Passos Coelho obteve mandato do partido para negociar "medidas duras"

As negociações com o Governo para o pacote de austeridade levaram o líder do PSD, Pedro Passos Coelho, a pedir ao partido um mandato claro para negociar com o Governo as medidas "duras" para redução do défice orçamental. No Parlamento, se há vozes mais críticas a este volte-face em relação ao aumento de impostos - contra o qual sempre se bateu -, ficaram caladas.

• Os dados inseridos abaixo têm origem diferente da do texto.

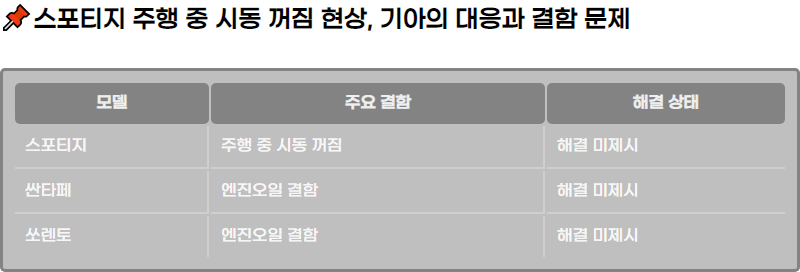 ๊ธฐ์๋ ํ๊ตญ ๋ด ์๋์ฐจ ์์ฅ์์ ํฐ ์ ์ ์จ์ ์ฐจ์งํ๊ณ ์์ผ๋ฉฐ, ํ์ฌ๊น์ง๋ ๋ง์ ์๋น์๋ค์ด ๊ธฐ์์ ์ฐจ๋์ ์ ํธํ๊ณ ์์ต๋๋ค. ๊ทธ๋ฌ๋ ์ต๊ทผ ๋ช ๋ ๋์ ๊ธฐ์์ ๋ชจ๋ธ์์ ๋ฐ์ํ ๊ฒฐํจ ๋ฌธ์ ๋ค์ด ์๋ฐ๋ผ ๋ถ๊ฑฐ์ง๋ฉด์ ์๋น์๋ค์ ์ ๋ขฐ๋๊ฐ ์์ํ ํ๋ฝํ๊ณ ์์ต๋๋ค. ํนํ, ์ค๋ ๊ฒฐํจ์ด ๋ฐ์ํ ํ์๋ ์ด๋ฌํ ๋ฌธ์ ์ ๋ํ ํด๊ฒฐ์ฑ ์ ์ ๋๋ก ์ ์ํ์ง ์๊ณ ์๋ ๊ธฐ์์ ํ๋์ ๋ํด ๋ง์ ๋นํ์ด ์ ๊ธฐ๋๊ณ ์์ต๋๋ค.

No final de uma reunião com a bancada parlamentar, o líder do PSD quis passar a mensagem de que os sacrifícios são para todos, do Estado aos privados. "Não pode ficar de fora o Estado central, as regiões autónomas, as câmaras municipais, as empresas públicas e todas as actividades - da banca a qualquer empresa", disse Passos Coelho, que confirmou os contactos por telefone com o primeiro-ministro.

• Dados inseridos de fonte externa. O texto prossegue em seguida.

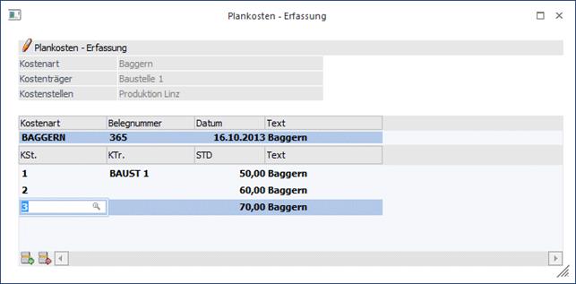 Eintragung einer Plankostenart. Mit dem Matchcode oder F9 gelangen Sie in den Kosten-Matchcode mit der Anzeige aller vorhandenen Plankostenarten. Außerdem wird geprüft, ob der Benutzer die Berechtigung hat (WinLine KORE/Stammdaten/Kostenart), die eingegebene Kostenart zu verwenden.

Da parte do PSD, a única proposta concreta foi o corte de 2,9 por cento nos salários dos políticos e gestores públicos, justificada, segundo Passos Coelho, porque "a classe política deve dar o exemplo". E admitiu que até podia ser pedido mais do que 2,9 por cento. Foi quase só neste ponto que incidiu um reparo às propostas do PSD na bancada parlamentar. Pacheco Pereira defendeu a separação entre as duas categorias, alegando a legitimidade democrática de quem é eleito.

Críticas violentas

Só em surdina se ouviram algumas dúvidas. "Sou contra o PSD antecipar-se em dizer que está disponível para o aumento de impostos. Se calhar são mesmo necessários porque a situação pode ser mais grave do que se sabe", desabafou um deputado social-democrata ao PÚBLICO. É o aumento de impostos que pode ser mais complicado de gerir politicamente, já que Passos Coelho tem defendido com unhas e dentes a manutenção ou mesmo redução da carga fiscal.

Se na bancada do PSD o tom das intervenções foi de apoio ao líder, no conselho nacional extraordinário, que se realizou anteontem em Santarém, apenas Castro Almeida votou contra duas das medidas contidas na carta de orientações, as condições prévias que com que Passos Coelho parte para as conversações com José Sócrates. "Não é justo pedir às empresas e às famílias que contribuam ainda mais para o despesismo e a falta de rigor do Estado", defende o ex-vice-presidente da direcção de Manuela Ferreira Leite. Castro Almeida foi também o único conselheiro a votar contra o corte dos vencimentos dos políticos e gestores públicos. A medida colhe, no entanto, o apoio do ex-líder parlamentar, José Pedro Aguiar Branco, e de Marcelo Rebelo de Sousa, que iria mesmo mais longe neste momento. Por exemplo, "cortando nas despesas correntes da classe política".

Fora dos dois partidos, as reacções críticas fizeram-se ouvir. À direita, o líder do CDS, Paulo Portas, já veio lembrar que o PSD se absteve na proposta de reduzir prémios de gestores públicos ao mesmo tempo que apontou contradição ao Governo que "ao mesmo tempo está a assinar o TGV e a aumentar impostos". À esquerda, o secretário-geral do PCP apelou à participação maciça na próxima manifestação da CGTP. Jerónimo de Sousa acusou os dois partidos de "dar mais um passo numa ofensiva sem precedentes" que considera estar contra os "trabalhadores, o povo e o país".

No plenário, ao início da tarde, o já previsível aumento de impostos motivou críticas violentas dos partidos mais pequenos. A abrir o debate de urgência agendado pelo BE, o deputado José Gusmão acusou o Governo de "quebrar compromissos anteriores", ainda por cima com "medidas que apontam ao coração do poder de compra, o principal motor da recuperação económica". Pelo PCP, Honório Novo acusou o Governo de apenas aplicar as medidas "impostas por Bruxelas", não tendo um "rumo para o desenvolvimento do país". Heloísa Apolónia, dos Verdes, foi a mais violenta. Lembrando que no último debate quinzenal Sócrates tinha descartado o aumento do IVA, acusou o primeiro-ministro de "recorrentemente mentir à Assembleia da República".

Nem mesmo a abertura do PSD para negociar as medidas com o PS impediu o deputado Miguel Frasquilho de atacar o Governo. Acusou José Sócrates de estar em "estado de negação" mas, acrescentou depois, "temos a casa a arder". "Temos de atirar água sobre o fogo. Alguns móveis irão estragar-se, mas as fundações têm que ficar de pé", terminou.

O ministro dos Assuntos Parlamentares, Jorge Lacão, optou por afirmar o bom trabalho do Governo no "modo como tem decorrido a execução orçamental em 2010".